The kernel parameters specific to IOMMU that I am using is
Code:
amd_iommu_dump=1 vfio_iommu_type1 allow_unsafe_interrupts=1 kvm.ignore_msrs=1 vfio-pci.ids=xxxx:yyyy,xxxx:yyyy

Please note I had to mask the PCI Ids of the devices, but they do show up properly.
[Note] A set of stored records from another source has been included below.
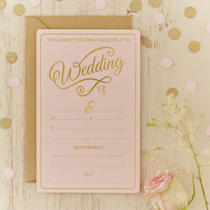 A beautiful set of 10 wedding invitations in dusky pink and gold foil.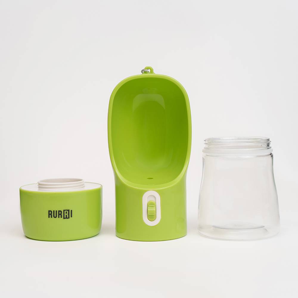 Дорожная бутылка 2в1 от бренда Rurri позволит напоить и накормить вашего питомца во время длительной прогулки или путешествия.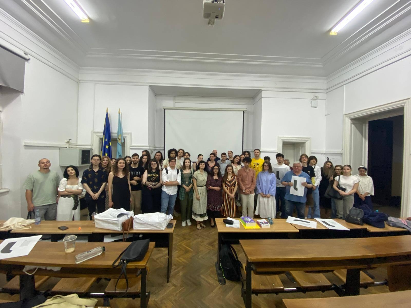 Deja era foarte târziu, așa că a trebuit să fim eficienți cu prezentarea și împărțirea ulterioară a noului număr din U. Noi am încercat, dar tot la miezu’ nopții am ieșit din facultate. După, un ropot de aplauze și pentru noi, dar și pentru că am supraviețuit cu toții căldurii și oboselii, fuguța la cutiile cu reviste. Ca după orice eveniment, nimeni nu pleacă direct acasă, ci vedeai în tot amfiteatrul fețe zâmbitoare care discută ținând în mână sau răsfoind noul număr. Cineva a și venit să-i semnăm revista. Seara s-a încheiat cu o mare, mare poză de grup. Cheeese!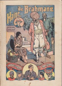 remarques: | édition 1931, genre hybride entre le roman illustré et l'histoire en images, prépublié dans "l'écho du Noël", l'étoile Noëliste et Bernadette", comprend environ 50 récits cartonnés et/ou brochés illustrés par Damblan (en quadrichomie) avec des textes principalement de Catalany, Colomban, Duverne et Pujo ce cahier no 19 est la suite du cahier no 16 "les aventures d'André Chérance" Ier épisode/ Namouna à Benarès, René de Mauvran s'intéresse à une misérable petite marchande de fruits, esclave d'un prêtre brahmane, mais celle-ci après avoir été réconfortée par René, disparaît à nouveau affamée, la petite marchande Namouna est recueillie par Savitri, amie d'André Chérance, devenu André de Boisemont, par la suite, Namouna retourne chez son maître Talmouz, au quartier des pêcheurs, qui l'enferme en voulant la conduire chez le grand prêtre brahmane qui ne veut pas que Namouna ait du contact avec des hommes blancs tel René de Mauvran, mais Namouna réussit à s'échapper et se retrouve dans le temple de Rama où un homme solitaire la prend en hospitalité IIème épisode/ Savitri le vieux Talmouz rend compte au chef brahmane Alikhan de l'évasion de Namouna mais lui fait croire qu'elle est morte dans sa fuite, totuefois, sans le savoir, il s'avère que Namouna est la soeur de Savitri et Alikhan retient leur mère Kaleri prisonnière parce que celle-ci est devenue chrétienne, entretemps après des recherches Savitri retrouve son oncle, le sultan de Pallahore >> p. II/8 l'asile Parvâti où Savitri s'occupe d'une petite fille bien malade: Oraddou, fille du sahib Arrami, serviteur d'Alikhan, Oraddou était une petite martyre, humble compagne de souffrance de Jésus le crucifié, Savitri avait entrepris de lui enseigner le catéchisme et Oraddou ne cessait d'implorer le baptême qui la ferait enfant du bon Dieu IIIème épisode/ les princes de Chobour à bord du "Narval" les deux hommes Pierre de Vanvers et André de Boisemont voyageaient vers les Indes pour revoir Savitri tandis que le jeune René de Mauvran pensait toujours à la petite Namouna, celle-ci toujours dans le temple de Rama est introduite par l'homme solitaire dans la religion de Marie et Jésus, Namouna avec son chien recueille le vieux Talmouz, son maître, qui a été torturé par les brahmanes pour avoir laissé échapper Namouna, Talmouz lui révèle que l'homme solitaire est en fait son vrai père, le rajah de Chobour qui avait échappé à un empoisonnement causé par la caste des brahmanes >> III/9 la religion chrétienne qui interdit de brûler les morts de son côté, Alikhan achète une maison soi-disante hantée, le Pavillon Rouge, pour y commettre de curieux méfaits, tentative de meurtre par Alikhan sur René de Mauvran qui se retrouve à l'asile de Parvâti et qui croit reconnaître Namouna en la personne de Savitri (en fait Namouna et Savitri sont soeurs jumelles) IVème épisode/ deux petites soeurs René retrouve Namouna dans le temple de Rama avec son père alors que Savitri reste sous protection par peur d'un enlèvement; de leur côté André de Bosemont et son ami réussissent à localiser la princesse Kareli grâce à un chapelet jeté de la fenêtre de sa cellule et parviennent à organiser sa fuite Vème épisode / Providence >> p. V/4 image de moi-même: la rencontre des deux soeurs mais la petite Oraddou expire après avoir vu son père et lui avoir fait promettre de se convertir au christianisme tout le monde retrouve tout le monde et l'on fêta le bonheur retrouvé par un grand pélérinage à Lourdes, bonheur que Dieu dans toute sa plénitude leur avait donné >> un récit catalanyen avec des ramifications assez complexes mais qui ont souvent le même thème sans grande variation et avec bien sûr une influence toujours très catholique, Catalany semble avoir une préférence pour les récits qui se passent en Orient, notamment aux Indes et ce 19ème épisode n'est pas le pire avec une bonne couverture d'album |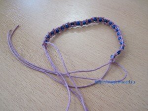 После плетения 4 узлов (рекомендуется от 3 до 6), снова делаем обычный узелок и хвостики прячем при помощи крючка под застежку.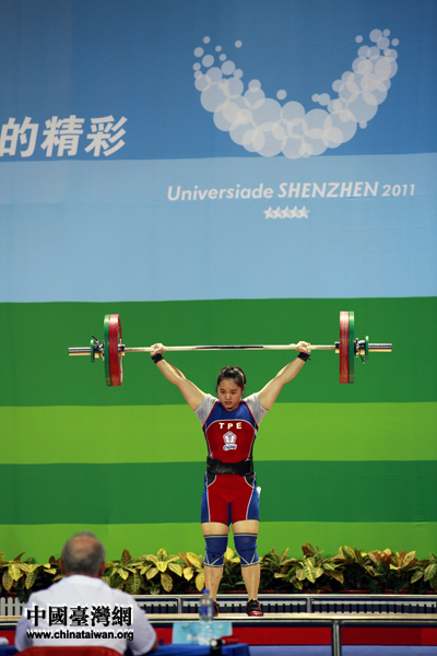 中國臺灣網(wǎng)8月16日深圳消息 在今天下午結(jié)束的深圳大運會女子舉重63公斤級決賽上,中華臺北隊小將何筱珺以211公斤總成績獲得金牌,這是中華臺北隊在本屆大運會上的首枚金牌,也是中華臺北隊舉重賽場的第三塊獎牌。(中國臺灣網(wǎng) 劉海偉)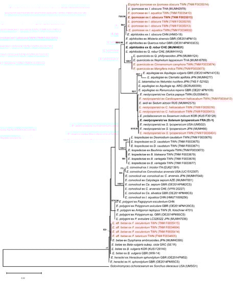 A best-scoring ML tree of ITS with a final optimization likelihood of −1646.264627 is shown in Figure 1. The PMs on I. obscura and I. aquatica from Taiwan were clustered with P. ipomoeae on I. obscura (MUMH2978) from Thailand []. Our samples on F. esculentum and F. tataricum were grouped in a clade with E. betae (Vaňha) Weltzien on other host plants belonging to Amaranthaceae [,], distinguished from those in the clade of E. heraclei DC. and E. polygoni DC. [,,,]. Besides, the PMs on C. halicacabum were grouped with species in the E. aquilegiae complex [,,].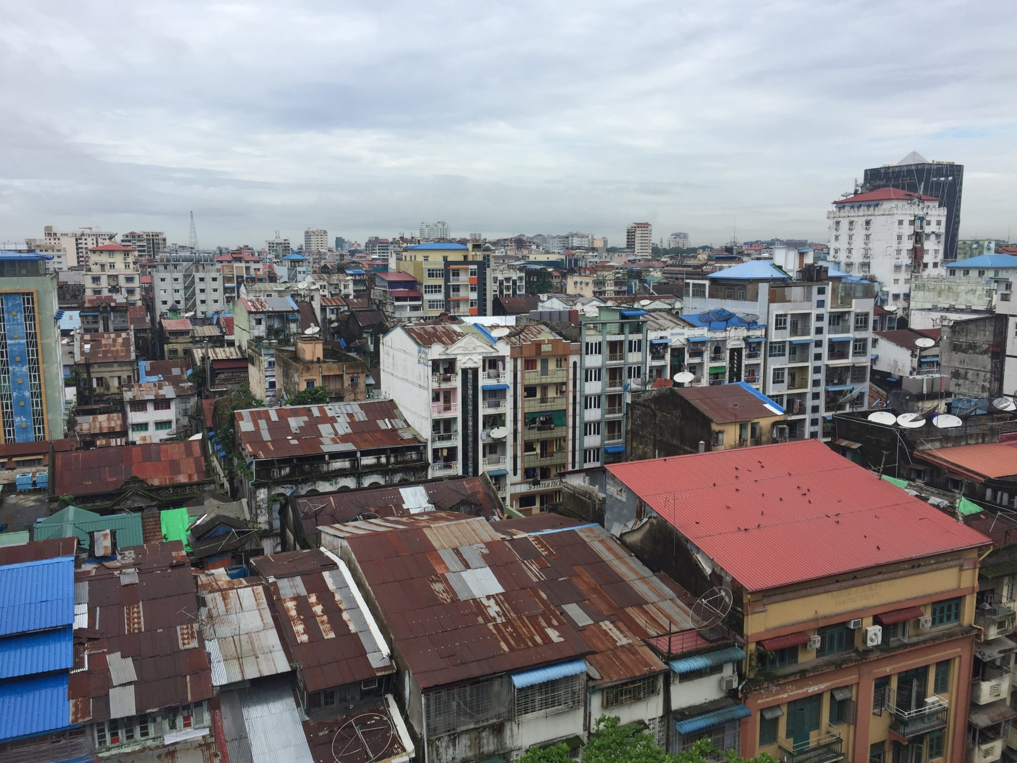 Also ging es doch mit dem Nachtbus nach Yangon, meine vorerst letzte Nachtbusfahrt, sicher die kurvenreichste. Aber dennoch habe ich wieder erstaunlich gut geschlafen, bis uns der Bus plötzlich weit vor dem Zentrum von Yangon einfach aussetzt. Wir müssen in einen klapperigen Bus umsteigen, es wurde gerade hell. Dieser fährt uns bis zu einer weiteren Kreuzung und so standen wir am frühen Morgen im nirgendwo in Yangon, umringt von Taxifahrern, die nur darauf warteten, uns ins Hostel zu fahren. Zum Glück können wir im Grab App nach dem Preis für ein Taxi zum Backpacker Bed & Breakfast Hostel recherchieren. Wir steigen ein und sind kurz darauf im Hostel, wo wir sogar noch Frühstück erhalten. Der Frühstücksraum, ist so wie unser Doppelzimmer in der obersten Etage. Wir haben einen tollen Blick über die Stadt, die nicht gerade einladend aussieht.
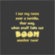 El texto amarillo transmite un mensaje humorístico relacionado con el taco sobre un fondo negro sólido. El énfasis en "BOOM" pone de relieve la ingeniosa idea de crear un taco extra cuando los rellenos se derraman.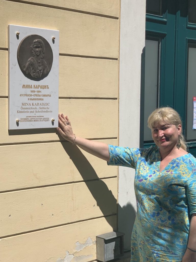 “ Spomen-ploča Mini Karadžić, ćerci reformatora srpskog jezika Vuka Stefanovića Karadžića, čijji se spomenik nalazi ispred iste zgrade okružen cvećem i zelenilom naš je dar Austrijancima, ali i austrijskim Srbima i naš doprinos kulturi sećanja na srpske velikane u Beču, prestonici svih Srba u rasejanju. Autor spomen-ploče je Borivoje Lukić, vajar iz Beograda”, rekla nam je akademik Svetlana Matić.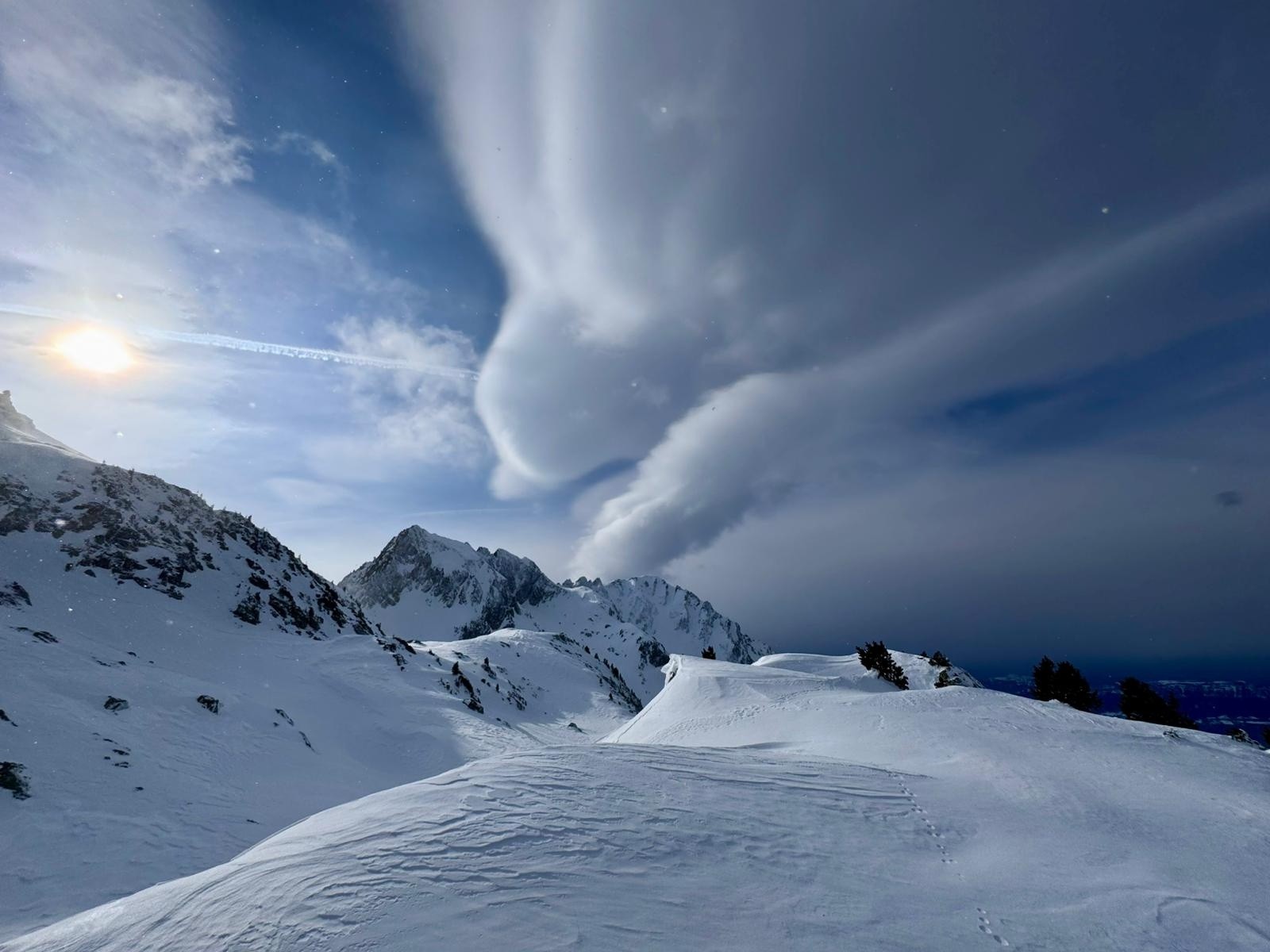 Itinéraire suivi : montée au pas du gargoton en suivant les traces d'illustres prédécesseurs. Ça a tellement soufflé qu'on monte sur le négatif de la trace initiale par moment. Ça se calme progressivement en arrivant vers le pas et on a l'impression de profiter d'un des rares coins du secteur à l'abri du vent et avec une vue dégagée.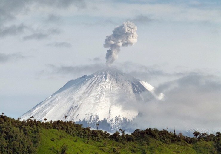 В Южной Америке находится один из вулканов-гигантов – Котопахи. Его высота – 5897 метров. Котопахи – действующий вулкан, расположен в горах Анды в пятидесяти километрах от столичного города Кито. Он стоит на втором месте среди высоких точек Эквадора и на первом среди местных действующих вулканов.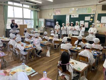 六年生の活躍と一年生の頑張りで、給食の準備もどんどん早くなってきました。
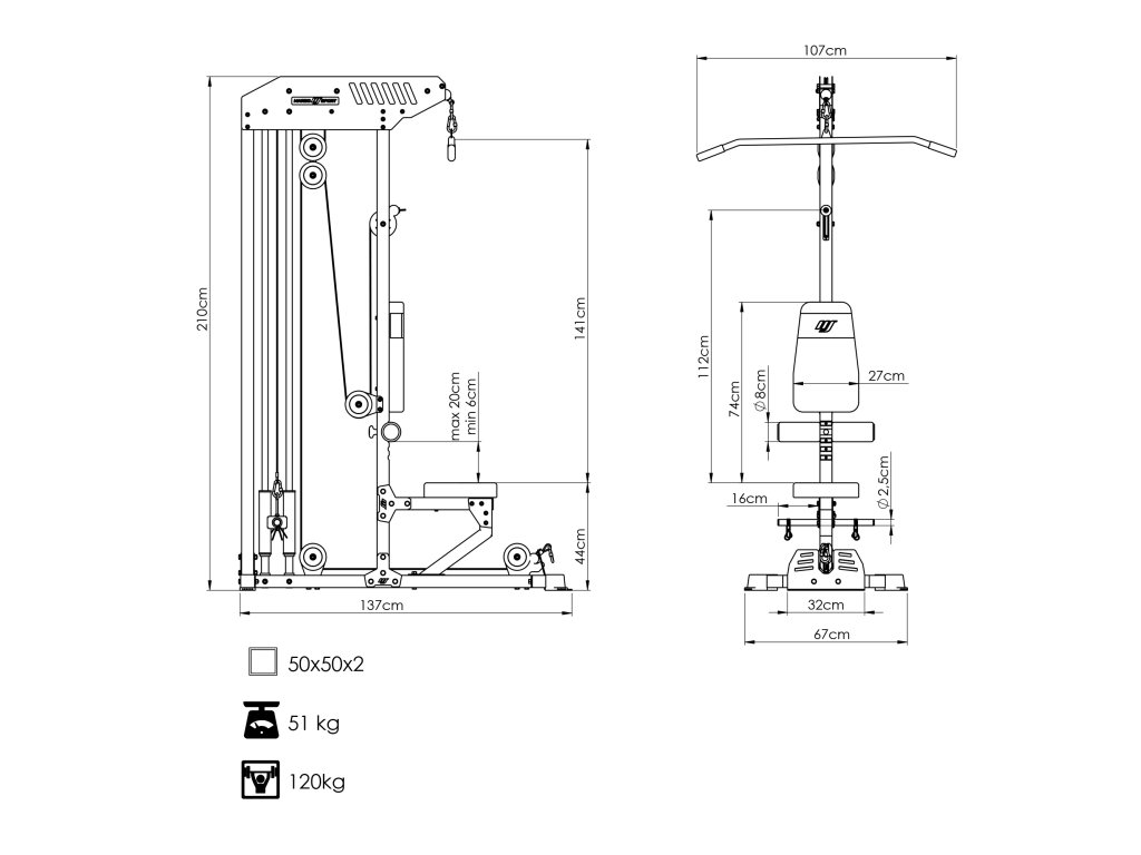 Spodní a horní stahovací kladka s sedátkem MARBO Sport MS-W101 2.0 je všestranné tréninkové zařízení navržené s ohledem na pohodlí a bezpečnost uživatele, které lze využít mnoha způsoby při silovém a všeobecném rozvoji.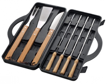 Set de 7 herramientas de BBQ en MaletÃn de plástico duro negro. Con ventana rectangular lisa exterior para aplicar logo.(1)
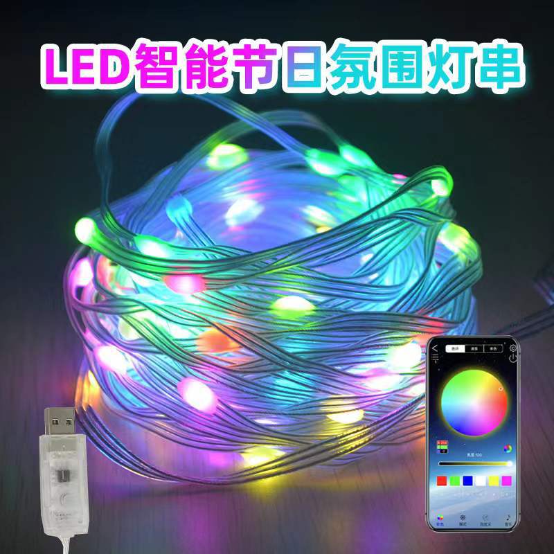 Iridescent leather thread light, curtain light, APP point control, Bluetooth, ball and bead light string, RGB horse running string light, Christmas light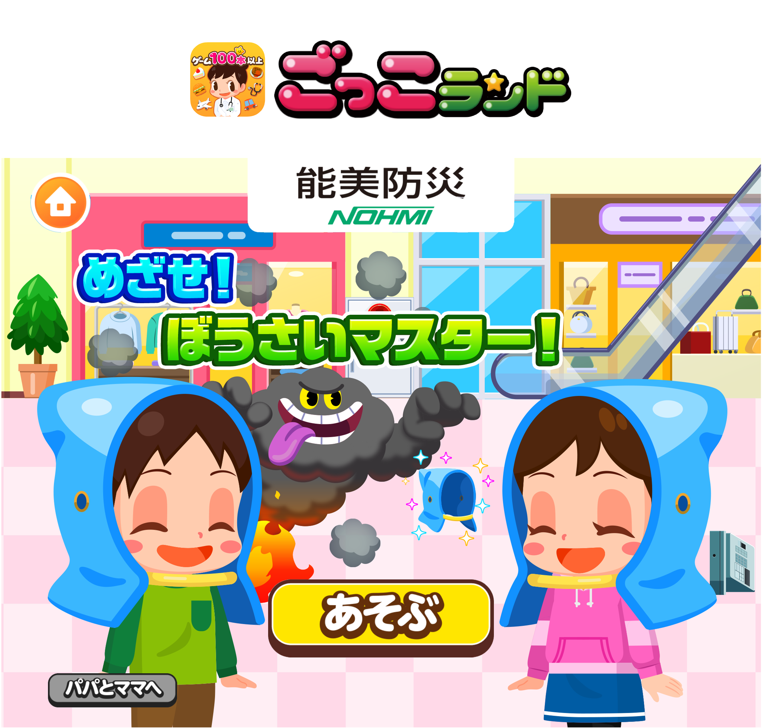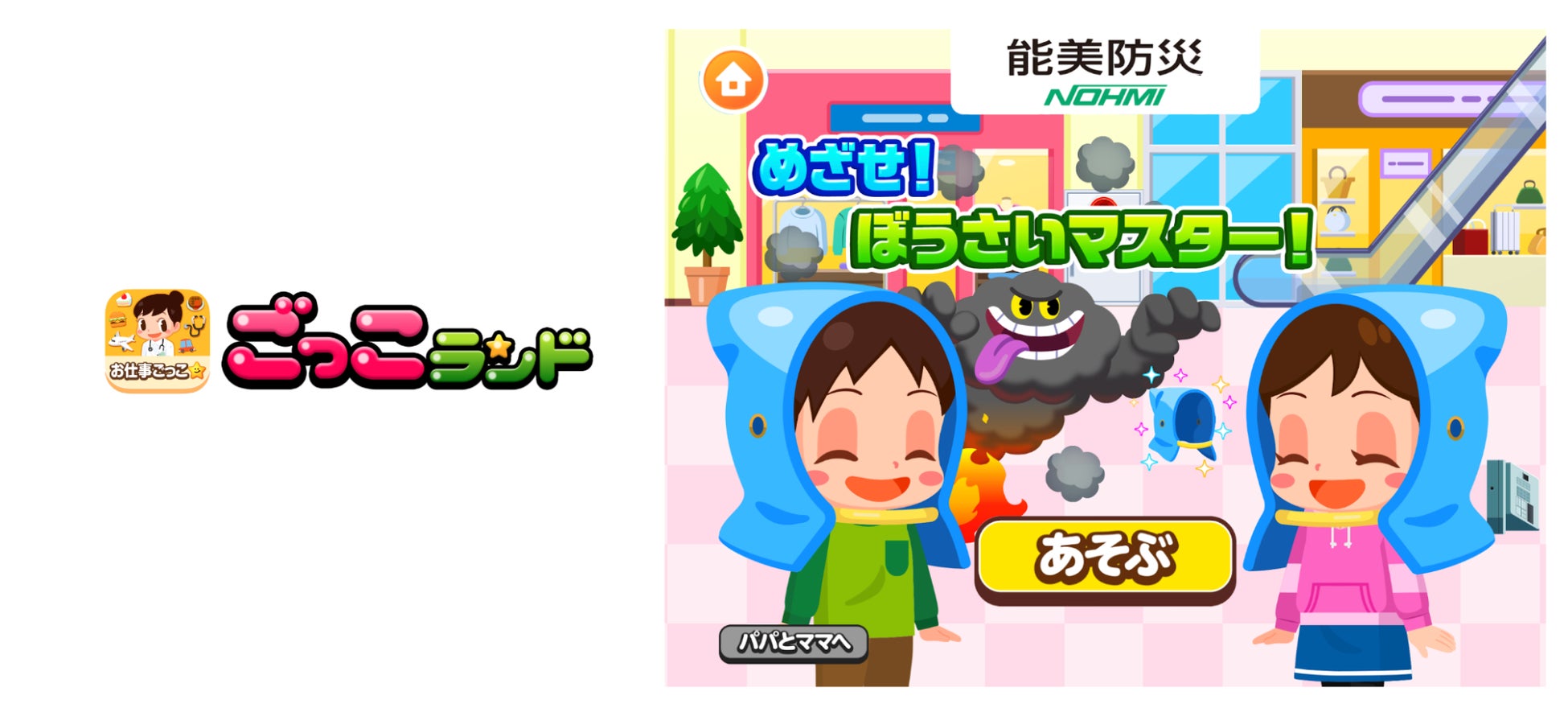 子ども向け社会体験アプリ『ごっこランド』に能美防災の新ゲーム「めざせ!ぼうさいマスター!」が登場!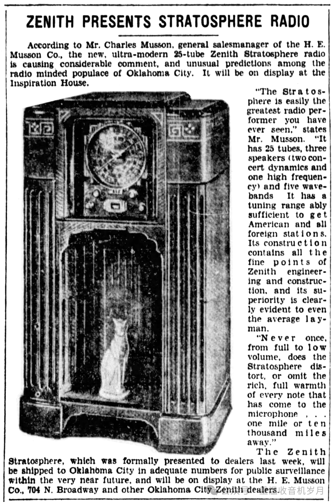 据 H. E. Musson 公司的销售经理 Charles Musson 介绍,这款全新超现代的 25 真空管 Zenith Stratosphere 收音机,正在俄克拉荷马城的无线电爱好者中引发热烈讨论与高度期待,它将在 Inspiration House 展出。

Also note that the GPU is integrated. Any ideas to fix this?
 
can you post the output of 'lspci -vvk' ? is the device bound to any driver before starting the vm ?
also what about doing what the log tells you :

vfio-pci 0000:00:01.0: can't find IRQ for PCI INT A; please try using pci=biosirq
maybe putting 'pci=biosirq' to the kernel commandline helps?
 
can you post the output of 'lspci -vvk' ? is the device bound to any driver before starting the vm ?
also what about doing what the log tells you :


maybe putting 'pci=biosirq' to the kernel commandline helps?
Thanks for the reply.

As for the lspci output of the GPU and soundcard, here it is:-
Code:
00:01.0 VGA compatible controller: Advanced Micro Devices, Inc. [AMD/ATI] GPU_NAME_REDACTED (prog-if 00 [VGA controller])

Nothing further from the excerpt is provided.